Finance and Securities, NYC, Other, Real Estate Developments, Real Property

With retrospectives on the twenty-teens across industries, segments of culture, and more, the New York Times published a piece on the rise and wobble of the luxury condo in Manhattan during the 2010s. The piece pairs well with recent analysis courtesy of Bloomberg news that examined the severity of the supply glut in luxury condos. It should be noted at the outset that while NYC’s physical landscape was most visibly changed in the past decade by the construction of super-tall residential skyscrapers which house many of the aforementioned luxury condos, the impact of the luxury condo on the city’s real estate has rippled far beyond Manhattan alone. Housing markets across the city have been shaped by the major increase in this particular type of residential unit. [1]

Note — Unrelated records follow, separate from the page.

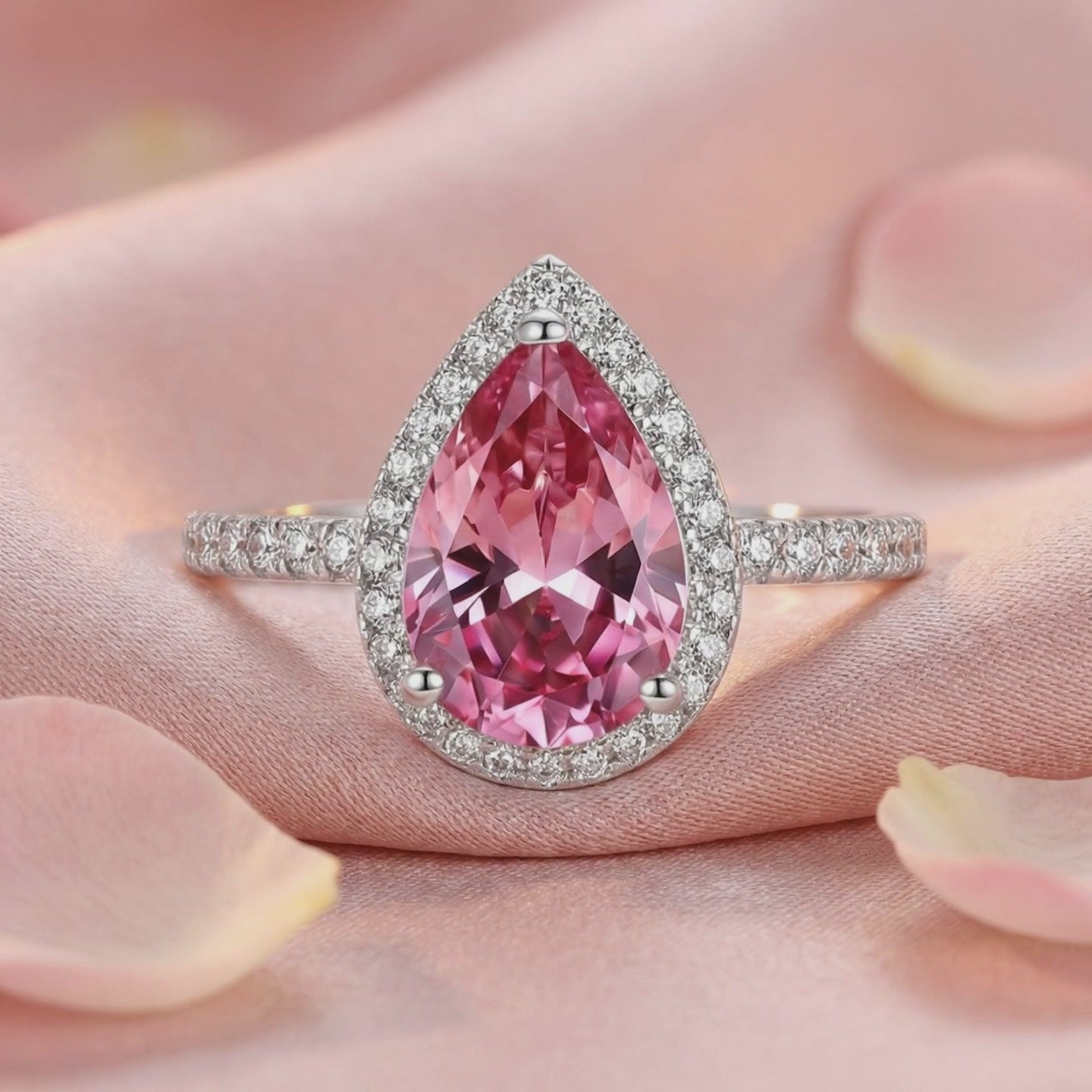 Angled view of the Valerienne pear-cut pink tourmaline halo ring in sterling silver on pink fabric.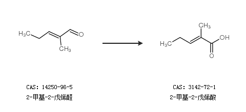 2.通过2-甲基-2-戊烯醛合成2-甲基-2-戊烯酸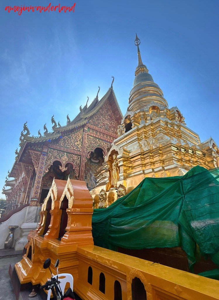 Most of the existing structures in the compound date to the 1940s rather than the early Haripunchai period. Despite this, the temple retains architectural interest, especially the hor trai, or scripture library. This wooden building is marked by steep gables and traditional Thai roof ornaments known as chofah. In front of it stands a tall, narrow bell tower of similar age, along with a small wooden shrine and a drum tower, all reflecting the design sensibilities of the mid-20th century.

Between 2009 and 2019, more than 54,000 new condo units were built, with nearly 80 percent of these constructed in Manhattan and Brooklyn. As of this January, a full 7000 of Manhattan’s 23,000 new condo units remain unsold, although the overwhelming majority (6000) of the unsold units remain formally unlisted and are considered part of the “shadow market” as developers hold the units off listings to avoid a further deterioration in prices. Referencing this same data, Bloomberg’s analysis of 2019 sales indicates that it could take the market as long as six years to clear the remaining stock of condos built since 2015 if the pace of sales matches the one that prevailed during 2019. [2]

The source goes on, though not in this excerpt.